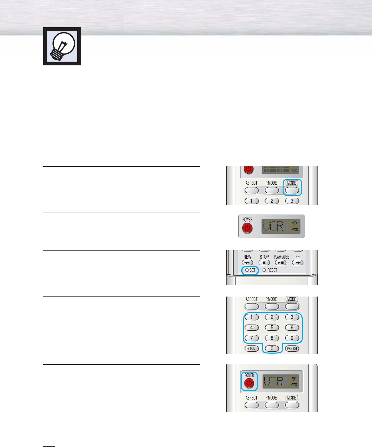 •You do not need to program the remote for Samsung STBs as the codes are pre-programmed.
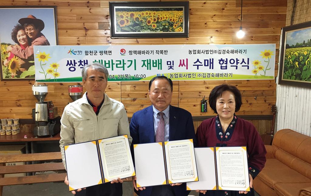 합천군 쌍책면(면장 김학중)은 27일 오전 제주시 소재 ㈜김경숙해바라기 농장에서 쌍책해바라기작목반, 농업회사법인 ㈜김경숙해바라기와 쌍책해바라기 재배 및 씨 수매에 관한 업무협약을 체결했다.
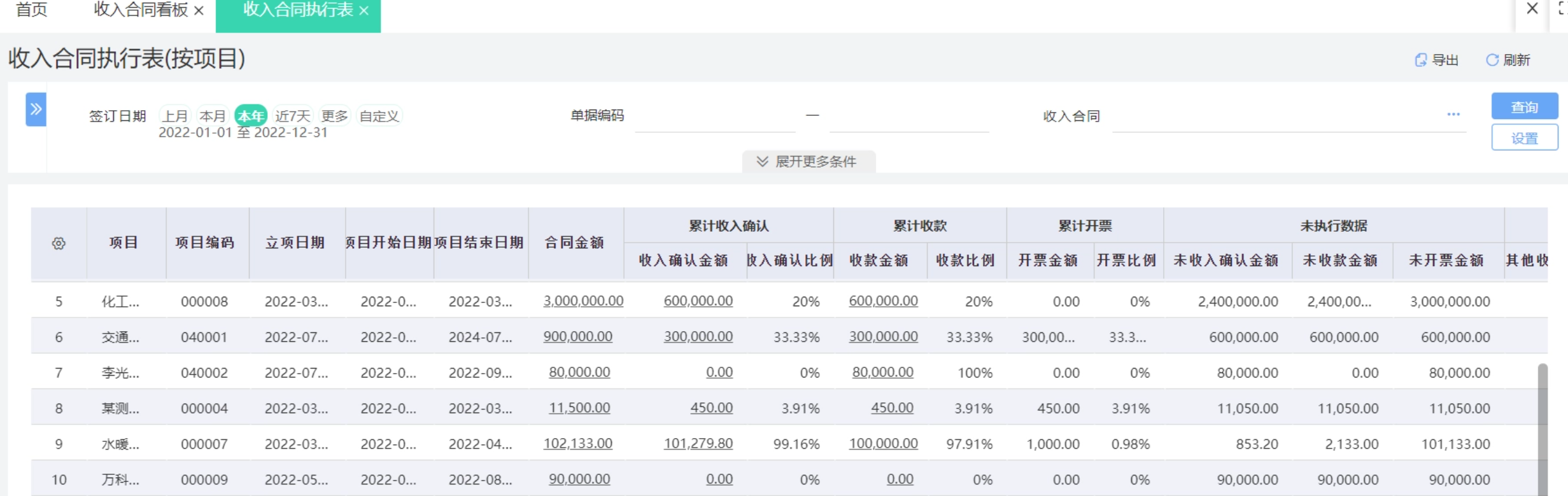 合同执行表实时查询合同金额、收入金额、开票情况、采购、出库以及费用各项数据。
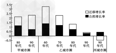 D.90年代,与丙城市圈相比,甲城市圈城市化速度快、水平较低
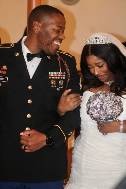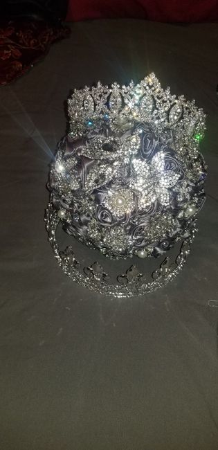 This is me my bouquet and our crowns I still look to make sure that I'm not dreaming
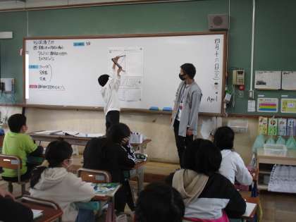 対称な図形について調べたり,図を描いたりする学習をしていました。コンパスや定規,6年生までに学習したことなどを使って,学習していました。
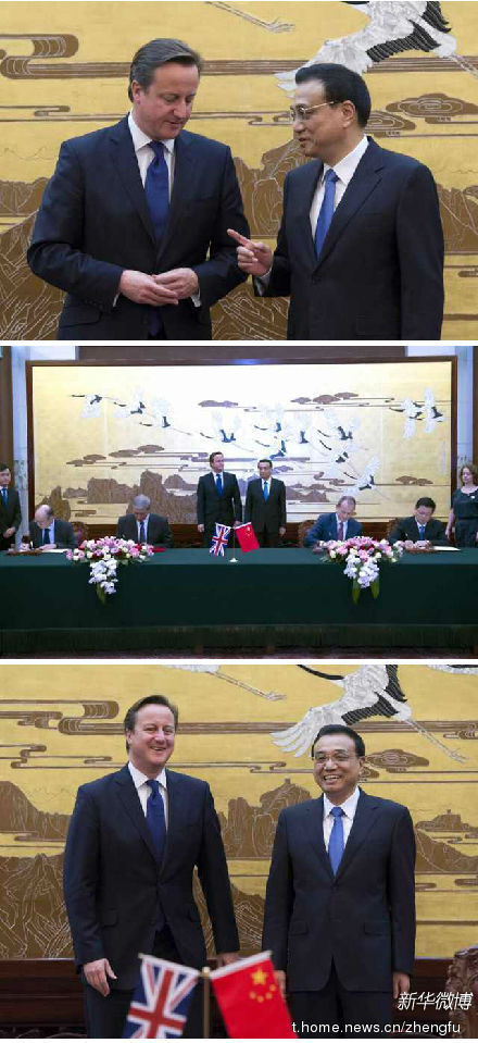 新華網(wǎng)北京12月2日電(記者譚晶晶)國務(wù)院總理李克強2日上午與英國首相卡梅倫舉行會談后,共同見證了兩國投資、科技創(chuàng)新、金融、司法、文化、衛(wèi)生等領(lǐng)域10個合作文件的簽署。
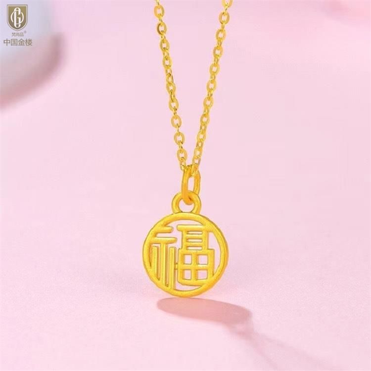 中国金楼梵尚品5D足金吊坠百福弯管送礼好物礼盒装送女友JJJ11251967(下单赠手机贴随机一个)
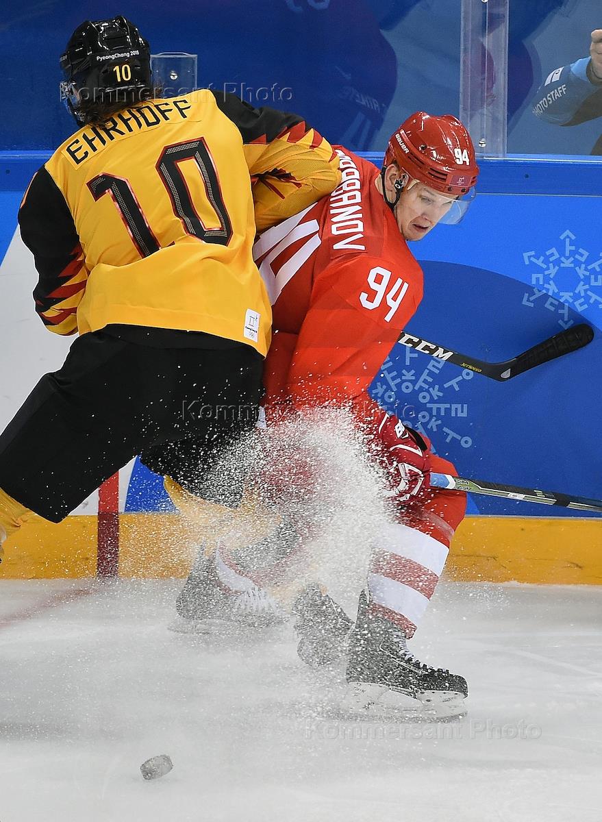 XXIII Зимние Олимпийские игры в Пхенчхане. Финальный матч по хоккею среди мужчин между сборной Германии и командой Олимпийских спортсменов из России (ОСР). Игрок команды ОСР Александр Барабанов (справа) и игрок сборной Германии Кристиан Эрхофф (слева) во время матча.
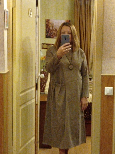 Платье чудо! Очень благородный цвет, скроено идеально. Единственное НО для меня - торчащий карман, но это легко исправить. Берем, девочки!
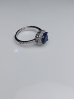 • Center Stone: Large oval-cut Royal Blue Sapphire simulant or high-grade Blue Zircon, offering a deep, captivating color.
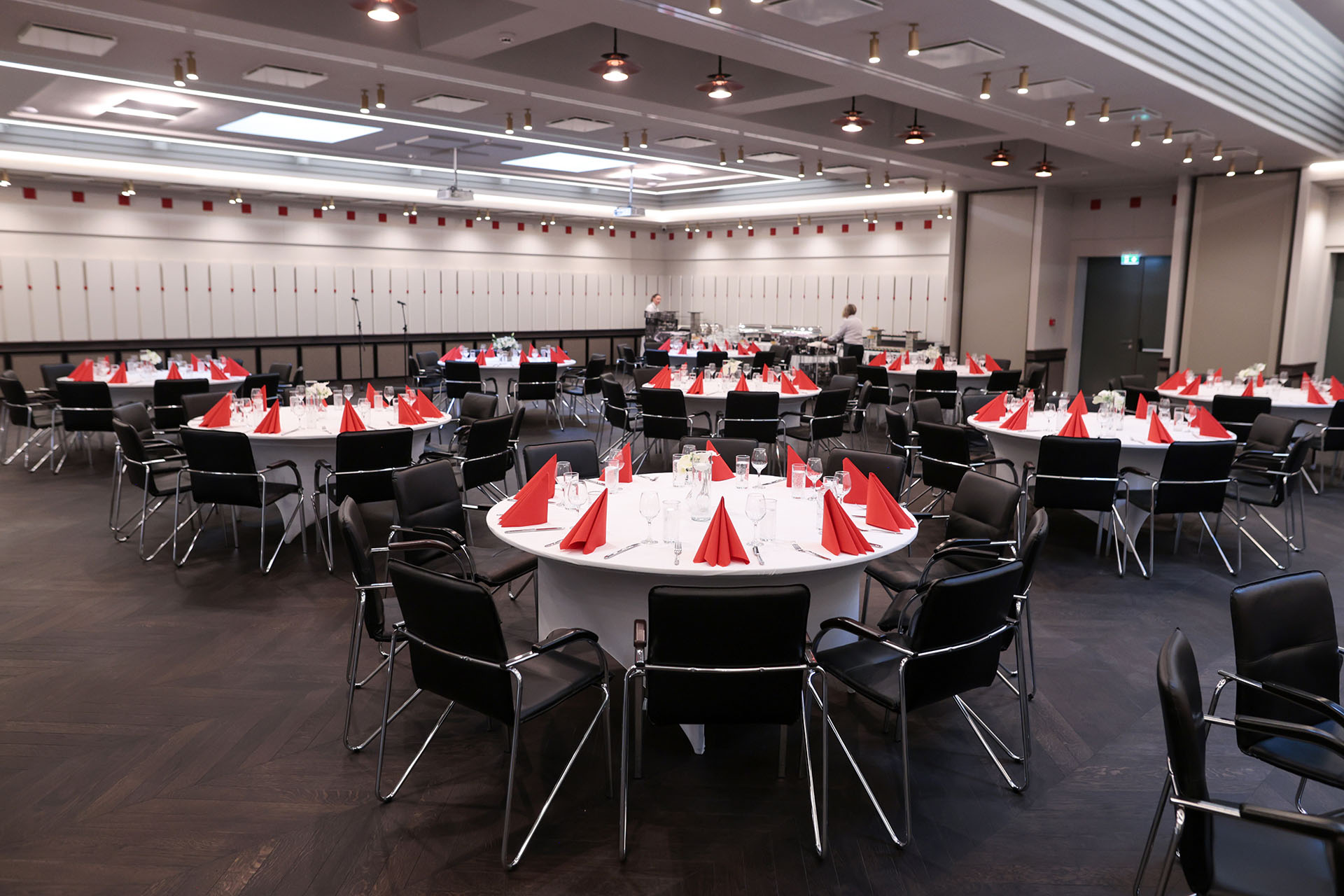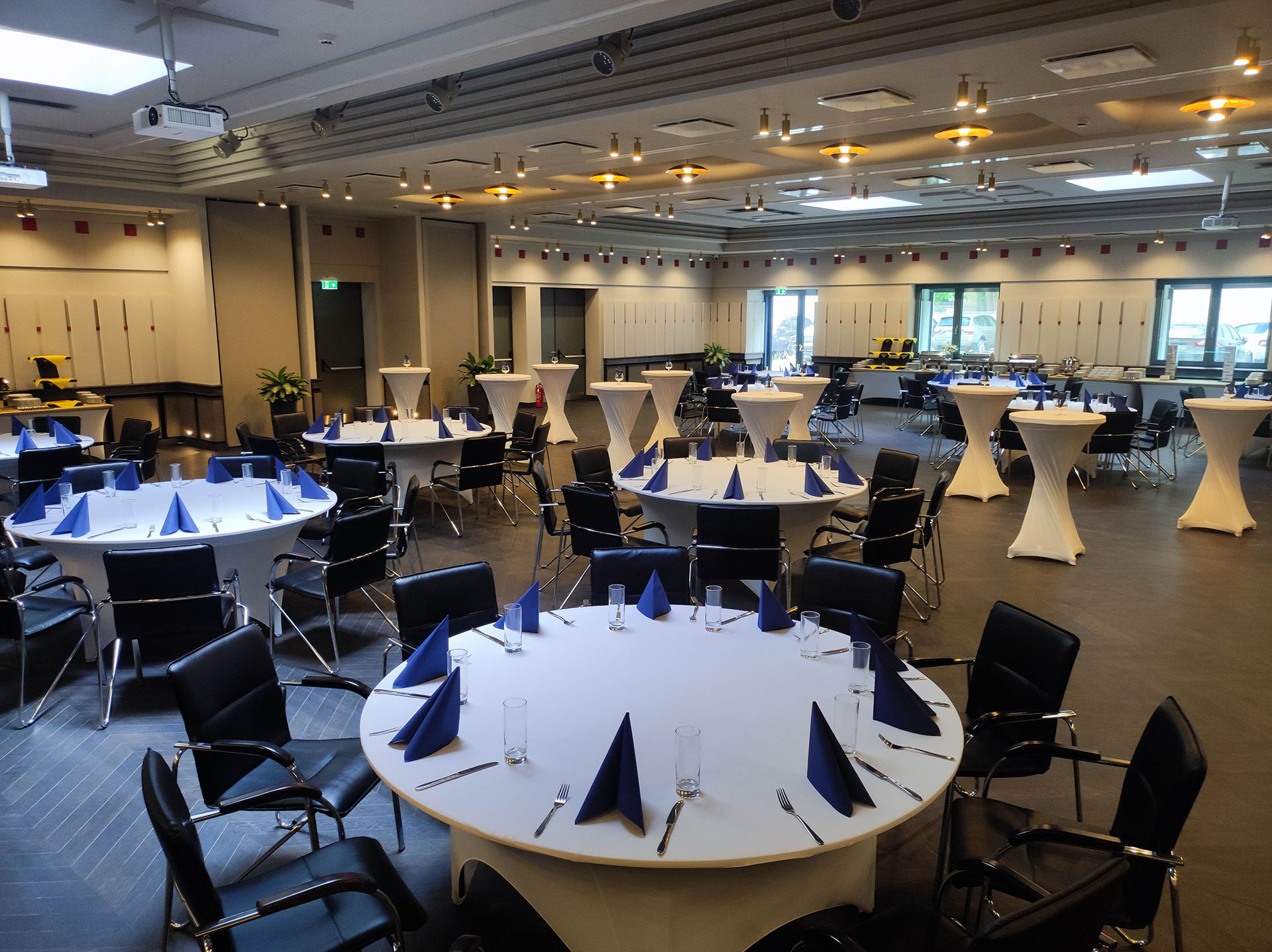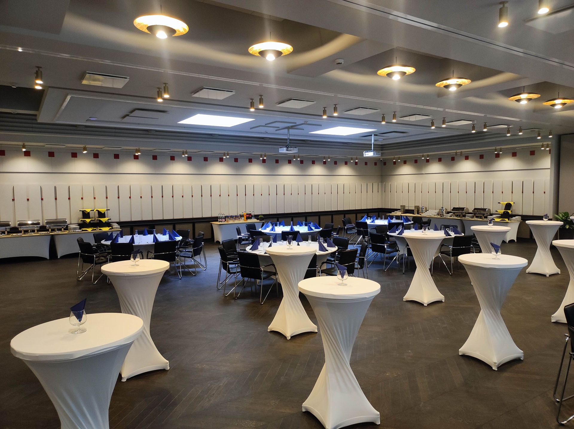The hall is accessed through a spacious, 136 sqm foyer featuring an elegant cloakroom and a stylish bar area, providing a welcoming atmosphere for arriving guests. The main space benefits from ample natural daylight and can be flexibly divided into two highly soundproofed sections of 150 m² each. One section can be further extended by an additional 40 m², allowing the layout to adapt seamlessly to various event formats.
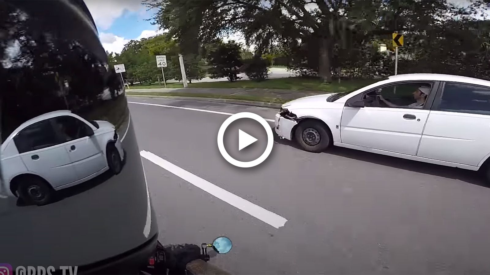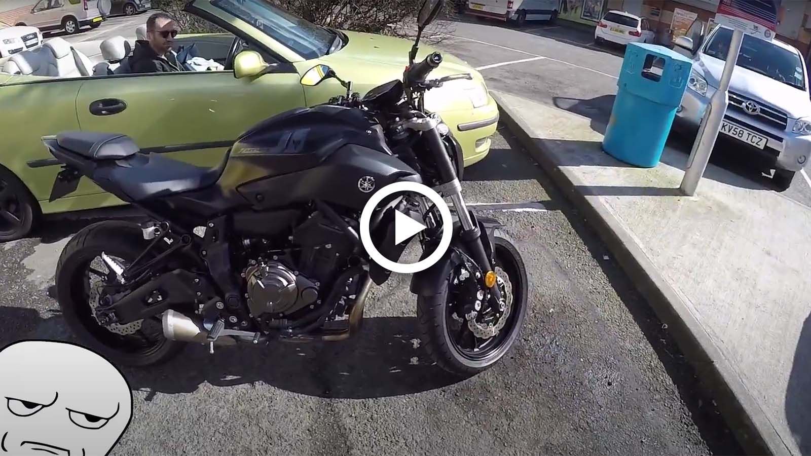 Ο αναβάτης αυτός θέλησε να τραβήξει ένα βίντεο παρουσίασης της MT-07 του, όταν όμως ένας οδηγός αυτοκινήτου αποφάσισε να του χαλάσει τα σχέδια. Δείτε ...
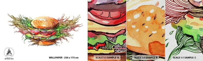 Vzorka fototapety Premium Sand - Horúce pokušenie - Gastronómia, Hamburger, Kulinárske - 100x30 cm

________________________

▸ **Task brief**
Leaving all pictures out, output exactly the lines of the material above from the line with "対称な図形について調べたり,図を描いたり" to the line with "Платье чудо! Очень", both included.

▸ **Solution below**
 対称な図形について調べたり,図を描いたりする学習をしていました。コンパスや定規,6年生までに学習したことなどを使って,学習していました。
 新華網(wǎng)北京12月2日電(記者譚晶晶)國務(wù)院總理李克強2日上午與英國首相卡梅倫舉行會談后,共同見證了兩國投資、科技創(chuàng)新、金融、司法、文化、衛(wèi)生等領(lǐng)域10個合作文件的簽署。
 中国金楼梵尚品5D足金吊坠百福弯管送礼好物礼盒装送女友JJJ11251967(下单赠手机贴随机一个)
 XXIII Зимние Олимпийские игры в Пхенчхане. Финальный матч по хоккею среди мужчин между сборной Германии и командой Олимпийских спортсменов из России (ОСР). Игрок команды ОСР Александр Барабанов (справа) и игрок сборной Германии Кристиан Эрхофф (слева) во время матча.
 Платье чудо! Очень благородный цвет, скроено идеально. Единственное НО для меня - торчащий карман, но это легко исправить. Берем, девочки!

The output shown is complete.